"Arrr! A scallywag in China mowed down 35 landlubbers workin' out, like a ship in a storm! Har har!"
2024-11-12
Arrr, me hearties! Thar be thirty-five souls sent to Davy Jones’ locker, and many more be nursing their ouchies! A scallywag piloted his cursed chariot into a throng o’ fit landlubbers outside the Chinese sports fortress! A right bonkers way to crash a workout, I say!

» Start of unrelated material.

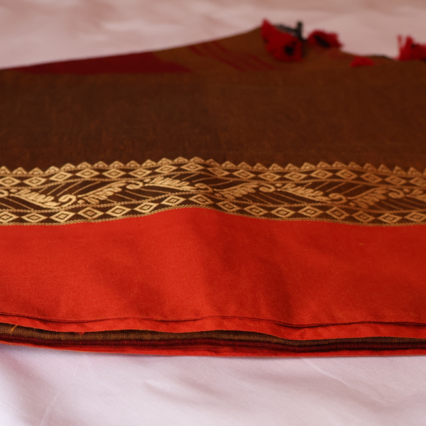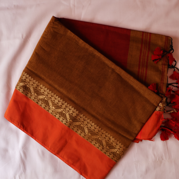 Crafted from 100% pure cotton, this Brown with Orange Saree blends earthy elegance with a vibrant touch. The rich brown base, highlighted with striking orange accents, creates a beautiful contrast that enhances its charm. Its lightweight and breathable fabric ensures comfort, making it ideal for casual outings, office wear, or festive occasions. With a soft texture and graceful drape, this saree is a timeless addition to your wardrobe, perfect for those who appreciate classic beauty with a pop of color.
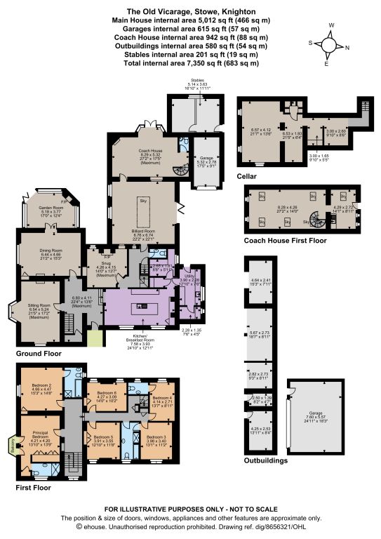 The ground floor offers five comfortable and spacious reception rooms, including the dual aspect sitting room, with its bay window and shutters revealing the wonderful views, and its tiled fireplace lending the space a sense of warmth and cosiness. There is a generous and well-proportioned dining room with ornate cornicing, ceiling rose, and tall sash windows. A pretty garden room is accessed from here. There is a cosy snug with a log burner and billiard room, beyond. This has a large ceiling lantern skylight and bi-fold doors, providing further space in which to relax or entertain. The Coach House is used as overflow entertaining space and storage, but given the relevant planning permission could be used as ancillary accommodation and comprises a sitting area with spiral stairs to a first floor along with a kitchen area. Also on the ground floor, the well-equipped kitchen with its exposed timber beams, has shaker-style units, a central island and integrated appliances, including dual ovens and a six burner gas hob, along with a very useful pantry. A separate utility room is adjacent with a wok burner, large sink and space for washing and drying machines along with a back door to the courtyard. Beneath the main house there are extensive cellars. Two staircases lead to the first floor, off which there are six well presented double bedrooms. These include the principal bedroom with its built in storage, en suite shower room and doors opening to the spectacular south-facing balcony. One further bedroom has an en suite bathroom, another has an en suite toilet and the remaining three bedrooms are served by the family bathroom.

Arrr mateys! Gather 'round, fer a tale from the treacherous seas of Zhuhai, China! A scallywag named Fan, aged 62 and down on his luck over a split in the matrimonial seas, did unleash a land beast—an off-road contraption—upon a merry crew of exercise enthusiasts, claimin’ 35 souls and leavin’ 43 more in a sorry state!The dastardly deed unfolded at a sports complex, where hearty landlubbers gathered to run, kick a ball, or dance a jig. As fate would have it, Fan was caught red-handed at the scene, tryin’ to make his escape like a cowardly rat! While the People’s Liberation Army was settin’ up for their grand aviation showcase, the authorities scrambled to keep this scandal hush-hush, scrubbin’ the tales from the internet like a ship's deck after a storm.
Videos of the chaos spread like wildfire, revealin’ the aftermath of Fan’s furious rampage. He was found in his ride, a knife in hand and self-inflicted wounds as severe as a cannon blast! Even the mighty Xi Jinping demanded a swift and harsh punishment for this sorry excuse of a pirate! So raise yer tankards, for this be a tale of woe on the high seas of life!